Cassonetti Differenziata - Cerignola
Cassonetti Differenziata - Cerignola
Cassonetti Differenziata – Cerignola

Sulla possibilità di praticare la raccolta differenziata al mercato si ‘scontrano’ due tesi: quella di Stefano Palladino, Assessore all’ambiente presso il Comune di Cerignola, e quella dei giovani di Ricambio Generazionale. Di seguito vengono proposte integralmente entrambe le note stampa.

Palladino – «A seguito dei diversi commenti apparsi sui media circa la raccolta dei rifiuti al mercato settimanale delle Fornaci mi sembra corretto intervenire in prima persona per chiarire alcuni punti. E’ noto a tutti quanto sia indecoroso lo spettacolo che il mercato del mercoledì lascia agli abitanti del quartiere Fornaci alla fine della giornata. Rifiuti ovunque che con il vento vengono dispersi a centinaia di metri ed in tutto il quartiere. E’ una situazione insostenibile ed occorre intervenire con urgenza. Abbiamo chiesto alla SIA di sperimentare un servizio di distribuzione di buste ai commercianti ambulanti per contenere i rifiuti e la SIA si è resa disponibile garantendoci la distribuzione delle buste per 2 mercoledì consecutivi. La sperimentazione è andata molto bene riscontrando commenti positivi sia dei commercianti che dei cittadini ed, in effetti, è risultata visibile a tutti la riduzione della dispersione dei rifiuti per il quartiere e la maggiore velocità con cui è stata ripulita l’area che ospita il mercato. La stessa SIA ci ha comunicato che intendeva interrompere la sperimentazione in attesa che si definissero in maniera definitiva con il Comune di Cerignola gli aspetti tecnici ed economici. Ho inteso continuare la sperimentazione a mie spese, per la precisione circa 100,00 euro per l’acquisto di 300 buste, per dare continuità al servizio nelle more della definizione dello stesso fra il dirigente all’ambiente del Comune e l’amministratore della SIA, cosa per la quale ho dato indirizzo per iscritto. Sono fermamente convinto dell’iniziativa messa in campo che non punta, in questa prima fase, a differenziare i rifiuti, ma semplicemente a ridurne la dispersione nell’ambiente nel mentre il piazzale viene ripulito. Credo sia una operazione di buon senso tendente a relazionarsi con i cittadini per ridurre l’impatto delle sue molteplici attività sull’ambiente. Se ci chiudiamo e ci trinceriamo esclusivamente dietro costosi strumenti in termini economici ed ambientali, quali inceneritori, discariche, mezzi meccanici di raccolta, per risolvere le problematiche connesse alla nettezza urbana del nostro paese non ne verremo fuori. Per i motivi sopra riportati la sperimentazione continuerà, per i cittadini che volessero dare una mano nella distribuzione delle buste l’appuntamento è per mercoledì alle ore 7:00 alla rotatoria delle Fornaci».

Ricambio Generazionale – «Alle volte, restare in silenzio può evitare pessime figure.

Tutti ricordiamo che la raccolta differenziata al mercato è stata
interrotta per mancanza di fondi da parte di Sia.
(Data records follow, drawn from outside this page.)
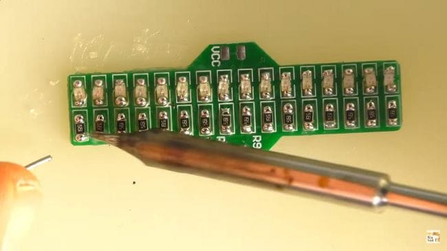 Когда все резисторы припаяны, переходим к светодиодам, их зеленая точка должна находится в том же направлении, что и полоска на маркировке платы, в противном случае светодиоды не заработают и потребуется менять их положение. Светодиоды припаиваем аналогично резисторам, сначала с одной стороны, а затем с другой.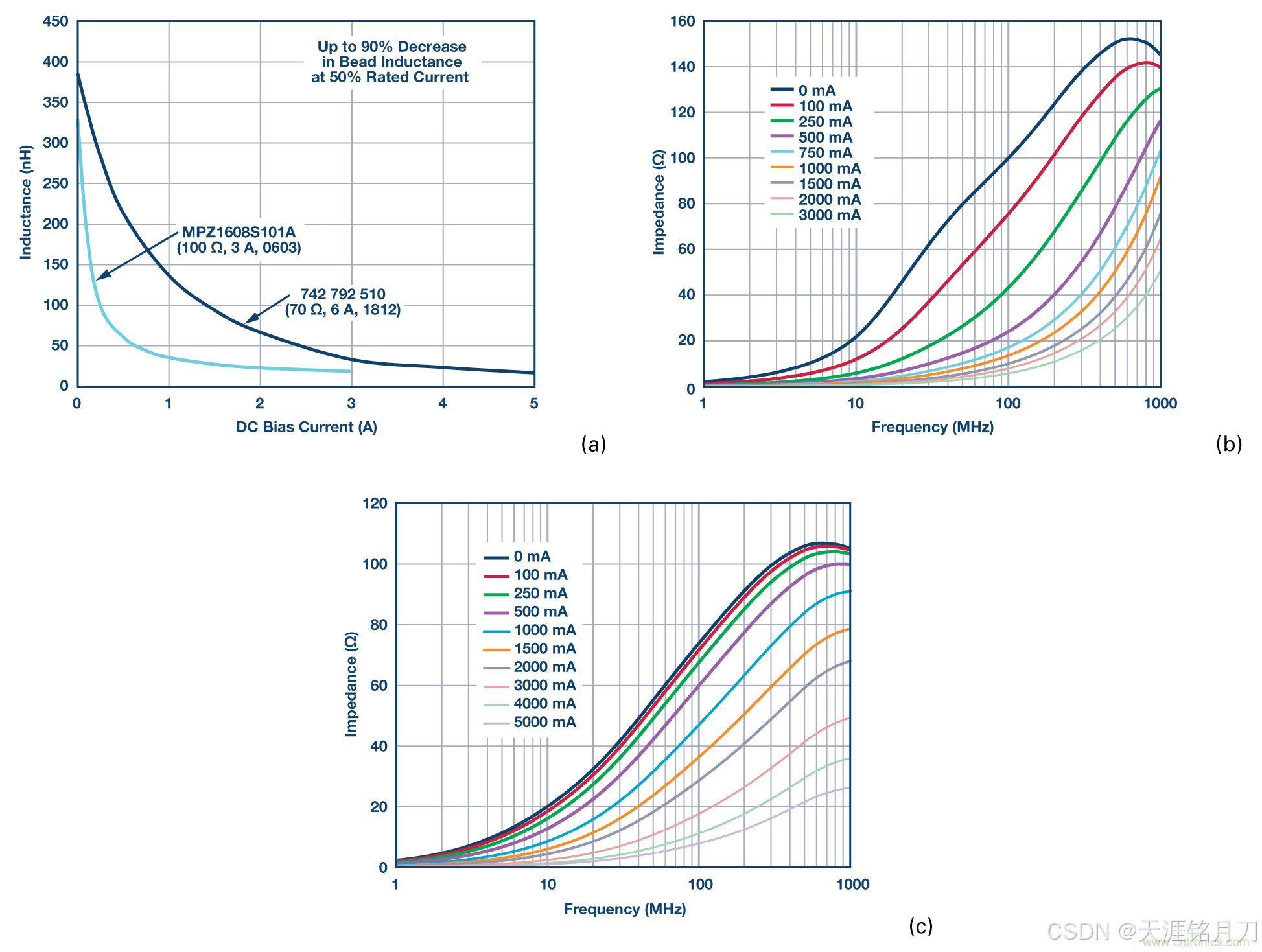 磁珠的性能由 "阻抗-频率"曲线 定义。直流电流的影响直观地体现在这条曲线上: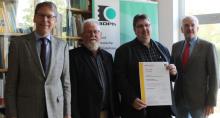 Am vergangenen Freitag wurde dem Landesverband Südwest die Picasso-Rarität zur Ausstellung in Sindelfingen übergeben. Dieter Schaile, 1. Vorsitzender des LSW, nahm die Poskarte aus den Händen von Christoph Gärtner entgegen.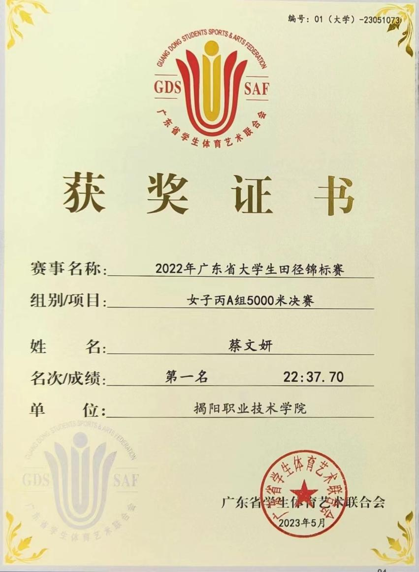 蔡文妍:女子5000米 第一名;女子1500米 第四名;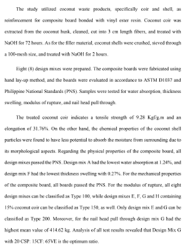 Property characterization of composite board utilizing coconut shell particles and coconut coir bonded with vinyl ester resin/ Rafael S. Agito, John Roque M. Angon, Christopher Avenda, Angelica E. Faller, John Daryll T. Lente, Kristine Jewel D. Nepales, and Aljohn G. Quilicol .--

O almeno, è stata questa, la
prima versione ufficiale data dall’Amministrazione comunale.

Teoria subito smontata da noi di Ricambio Generazionale. Infatti, informandoci
sui costi delle buste, abbiamo scoperto che la cifra è davvero irrisoria. Un
rotolo di 15 buste, all’ingrosso, costa 0,65 cent. Considerato che le
bancarelle da fornire sono all’incirca trecento, la spesa settimanale
ammonterebbe a 13 euro. Una somma irrisoria, per un’azienda che conta oltre
duecentocinquanta dipendenti. La storia dei costi troppo elevati non regge.

Troppo tardi, amministratori e Sia si sono resi conto dell’enorme sciocchezza
detta. Così, un paio di giorni fa, Vasciaveo, dalle colonne de “La Gazzetta del
Mezzogiorno”, ha tentato di aggiustare il tiro. Peggiorando, se possibile, la
situazione.

Abbandonata la scusa delle spese troppo ingenti da sostenere, ci ha reso noto
che la raccolta differenziata non si può fare perché le bancarelle non sono
trecento, ma quattrocento, e perché, nelle buste per la differenziata, i
commercianti hanno depositato escrementi.

Dottor Vasciaveo, è vero che le bancarelle sono quattrocento e non trecento,
ma ci sono alcuni commercianti che, con le loro bancarelle, non producono
rifiuti, e che, pertanto, non devono essere conteggiate. Quelli che vendono
libri, ad esempio, quali rifiuti possono produrre? E quelli che vendono abiti
usati? D’altronde, se anche le bancarelle da rifornire fossero davvero
quattrocento, la spesa non aumenterebbe che di 3,65 euro a settimana.
Spiccioli, per la Sia.

Poi, dottor Vasciaveo, io non credo affatto che i commercianti defechino nelle
buste. E non si può permettere di offendere la dignità di queste persone, se
non ha prove. E’ grave, ciò che Lei ha affermato.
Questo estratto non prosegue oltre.